Well it might be easy to say that other people would understand this message differently from me as they lack my paranoid and cynical nature, but I digress. Kellner states that a person’s interpretation of media; can be influenced by their own background. For example a ‘regular person’ may be able to merely go through the three stories with their family and not see them as the celebrity and pop culture worship as commented on by Camille Paglia. More over the interpretation over reasons for which TV family a person would rather live with would differ entirely from one person to the next. Furthermore the idea of the favourite childhood memory would be entirely different as each person brings a separate value basis for which memory rates as the best. Earlier also it was mentioned that the designers used palm card like signs and signifiers. This is only effective if a person is of a cultural discourse that recognises these as a sign for palm cards.

 

5)      What is omitted from this message?

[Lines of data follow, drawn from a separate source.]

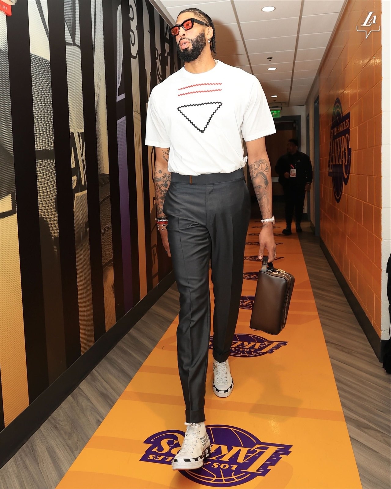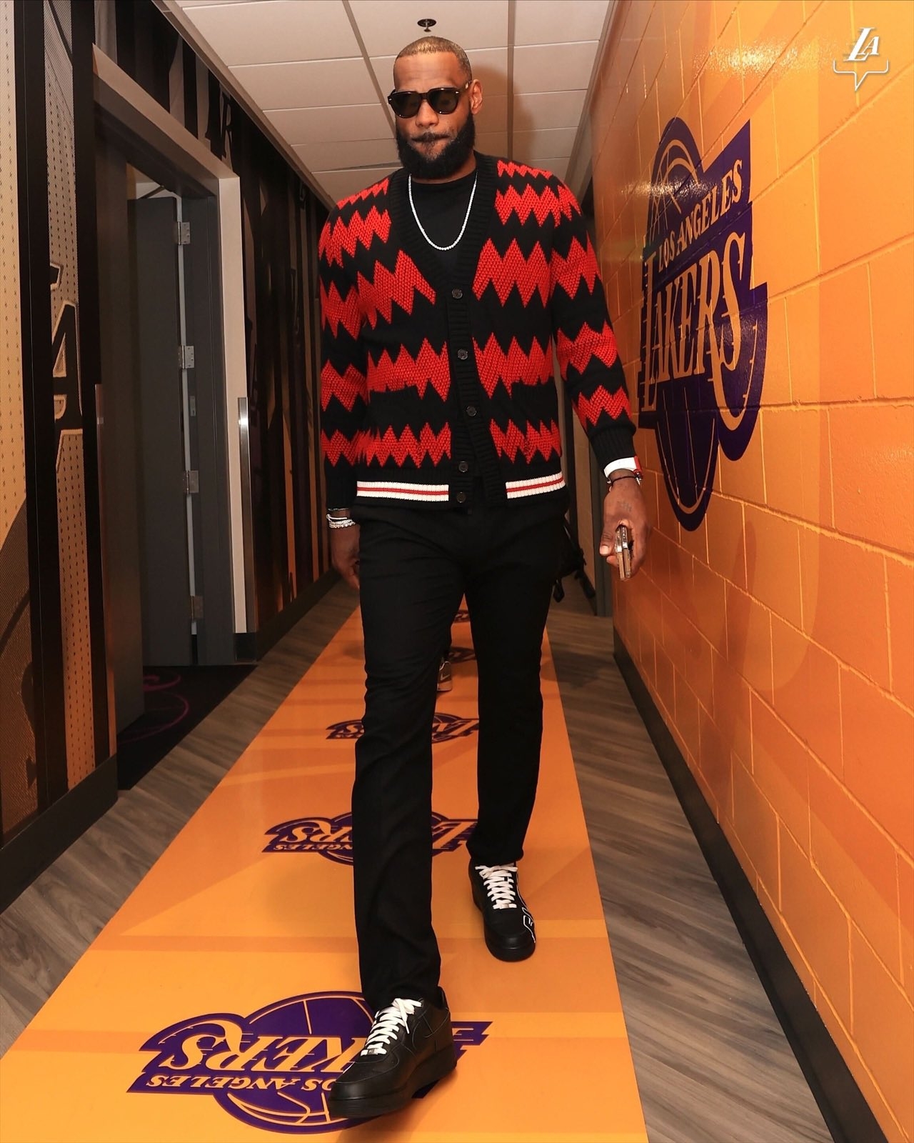 > 两米大长腿~詹姆斯黑红条纹毛衣入场 浓眉红色眼镜配奢华小包
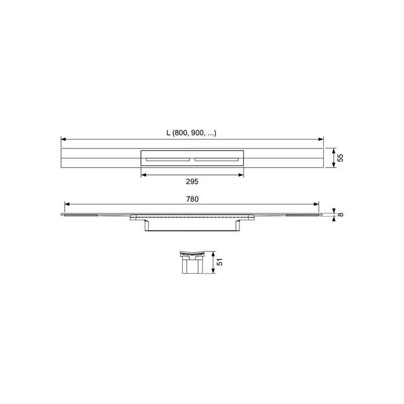 Профиль д/дренажа душа, 1000х55мм, укорачив.,монтаж на плиточн.клей над бетон.стяжкой,БЕЗ сифона арт.673002,(цв.сатин,позолоченный),Тесе ZZ
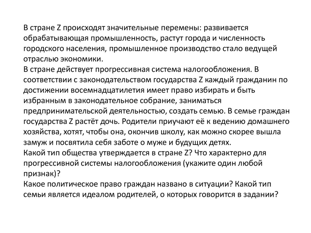 В стране Z происходят значительные перемены: развиваетсяобрабатывающая промышленность, растут города и численность
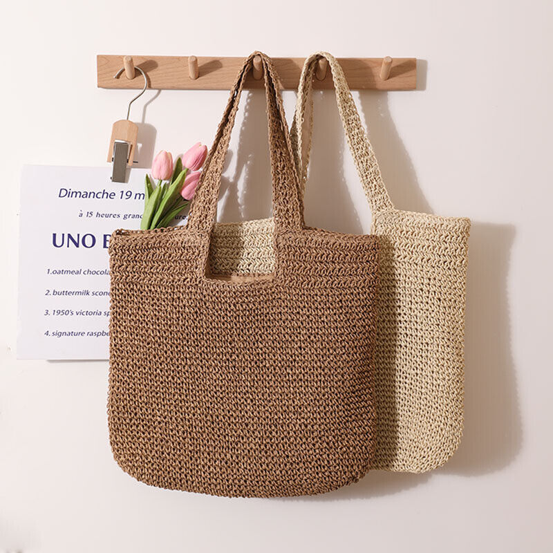 Versatile Large Straw Bag Hand-Crocheted Woven Portable One-Shoulder Beach Bag
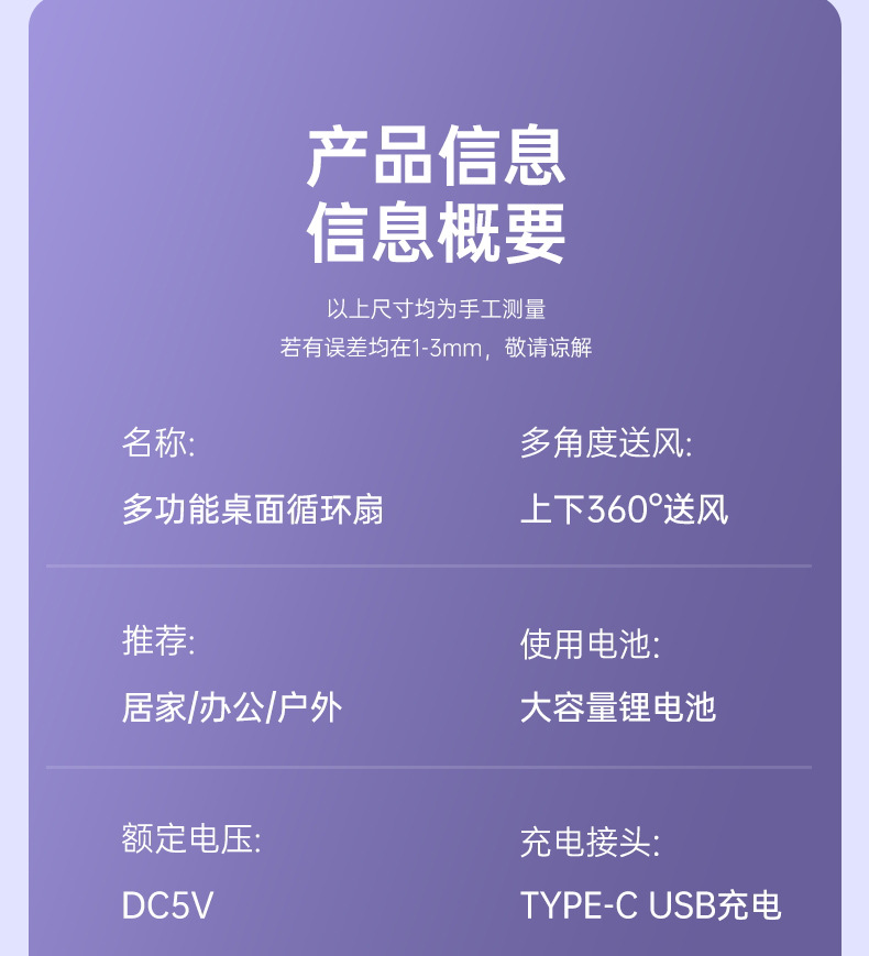跨境爆款源头厂家可充电学生宿舍家用便携式办公循环小风扇定时
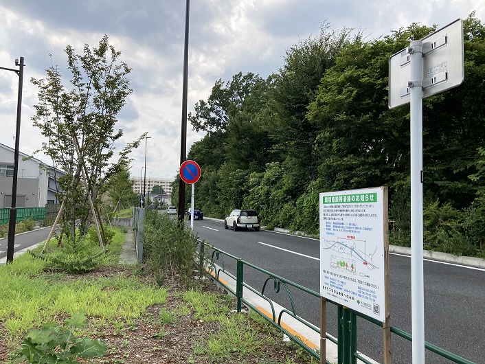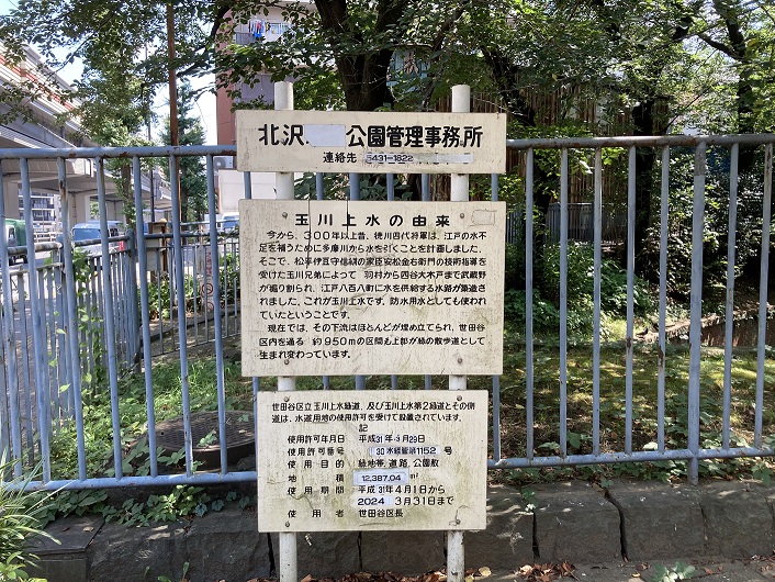 地下通路を抜けた先は甲州街道となります。玉川上水は甲州街道とぶつかった地点で左に向きを変え、甲州街道の歩道の下を流れます。甲州街道の脇に狭い空き地が有り、そこに公園管理事務所の案内板が立っていました。
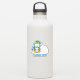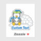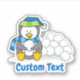 Um pequeno desenho animado de pinguim sentado segurando uma bola de neve. Texto personalizado.
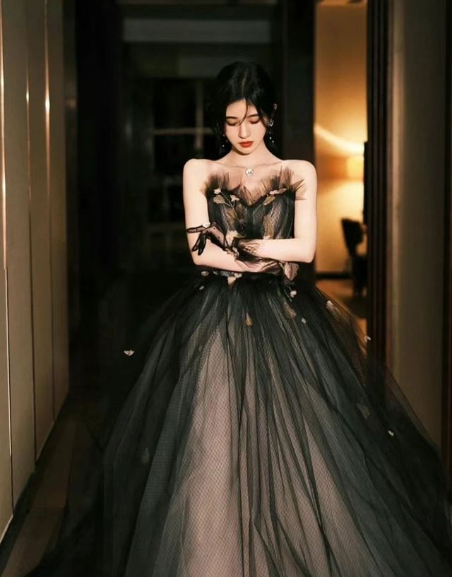 俞笙笙看着眼前的黑纱裙,胸前的布纱还点缀着点点铜黄色的小碎片
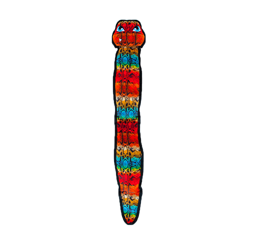Outward Hound Invincibles Tough Skinz Cobras are made with durable Invincibles Squeakers that Keep Squeakin’ If Punctured and feature exotic animal skin prints and patterns! Tough Skinz are as durable as they are adorable and sport a colorful top layer of strong material backed with our super strong Chew Shield. With strong stitched seams and tough construction, these durable plush toys are great for super chewers and players.SCALES AND TAILS: Great for tough chewers and aggressive players, this extra long Skinz Cobra is as tough as it looks! Inspired by slippery cobra scales and long snake tails, this toy is sure to bring big fun to your dog’s playtime.SNAKEBITE STRONG: Each Outward Hound Invincibles Skinz Cobra is made with a durable chew shield and a heavy-duty binding that adds an extra layer of strength during play, tug and chew time with your dog.WILD FUN: Invincibles Skinz Cobras are totally tough for playtime and built with Invincibles Squeakers that Keep Squeakin’ When Punctured; plus, their printed patterns extra-long length is inspired by real cobras! Product SpecsInvincibles Squeakers Keep Squeakin’ If PuncturedFeatures Outward Hound Chew ShieldDurable stitched seamsRealistic reptile printsHeavy-duty bindingProduct Dimensions:X-Large32.5″L x 5.1″W x 2″HAvailable in 2 prints
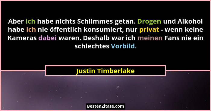 Aber ich habe nichts Schlimmes getan. Drogen und Alkohol habe ich nie öffentlich konsumiert, nur privat - wenn keine Kameras dabei waren. Deshalb war ich meinen Fans nie ein schlechtes Vorbild.
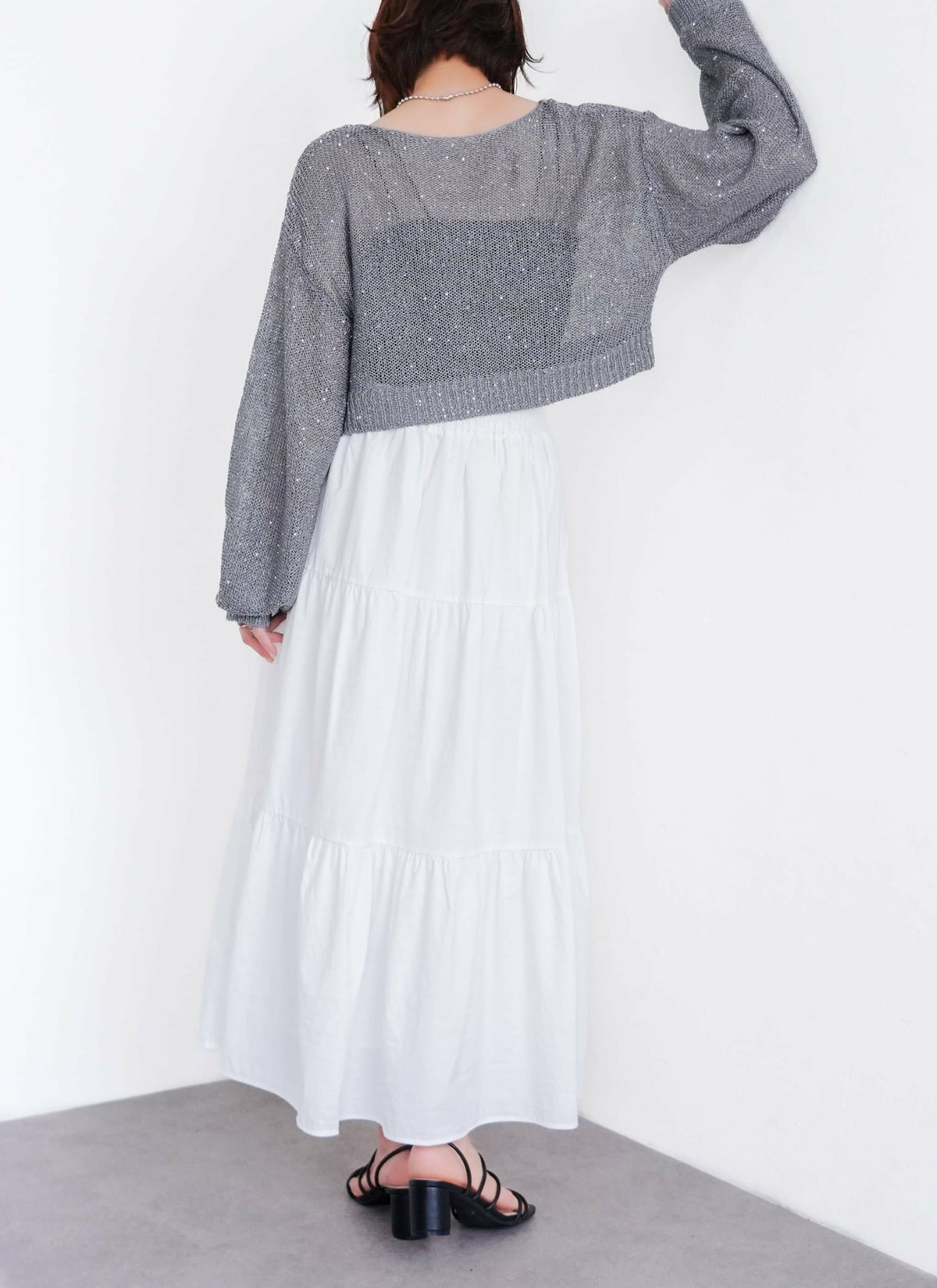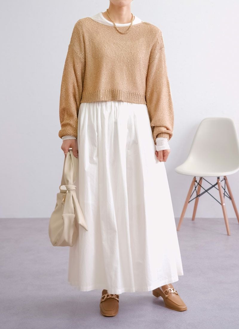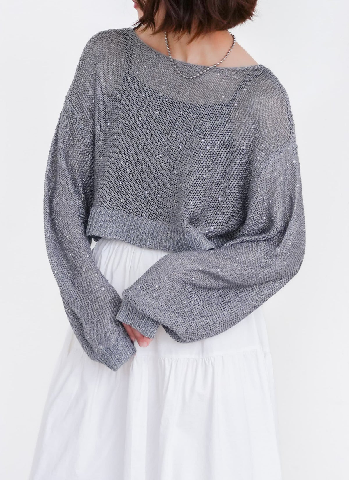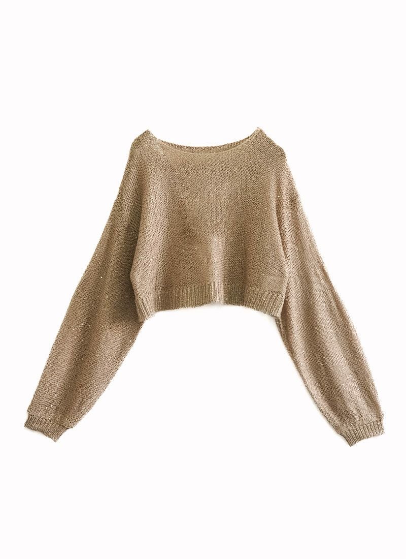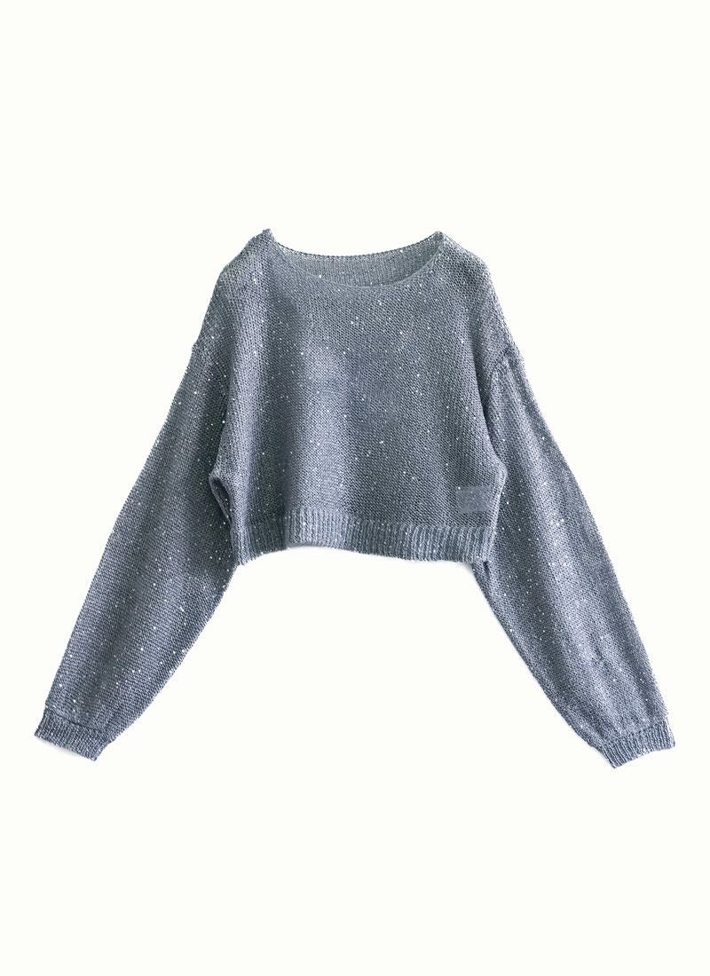 revoam【さりげないラメ感が、大人の可愛さを引き立てる。ゆるっとシルエットのショートニット】 【50%OFF】ラメスパンコールショートニット

Perhaps the only thing that can be said of these three stories in terms of what is omitted is the ‘why’. Why are these deemed to have been the best three conversation starters to have been placed on the packaging for the family meal. Kellner et al gives a rather cynical explanation. That it is the job of media to sell something to the consumer (Kellner, 2005). This is not too far as stretch as we have to remember that this is a piece of McDonalds packaging that has been specifically designed to appeal to select target audience of the ‘regular family’. A regular family with the imposed views, values and culture that supports the ‘way it is’ for society. Indeed it does the job of tying together all the stereotypical images of the modern western family that comes from the Americanised culture. Perhaps what is omitted from this is the view point that is not from the imposed ‘way it is’ image that the message intends to reinforce. The Jean Paul Satre reading, politically passionate family whose dinner conversation would rival that of even the most enlightened of Plato’s republic.

 

Through the course of this seemingly long winded ramble I have attempted to point out that even the most innocuous of media, the humble McDonalds package. Can contain highly interesting and problematic content for the media literate citizen to enjoy. That indeed every piece of media that we take in should be questioned so that we do not become the ‘coach potato’ that Thoman talks about in her writing. Because after all as Socrates said the unexamined life is not worth living, and as life today is told to us by the media we must examine everything they say.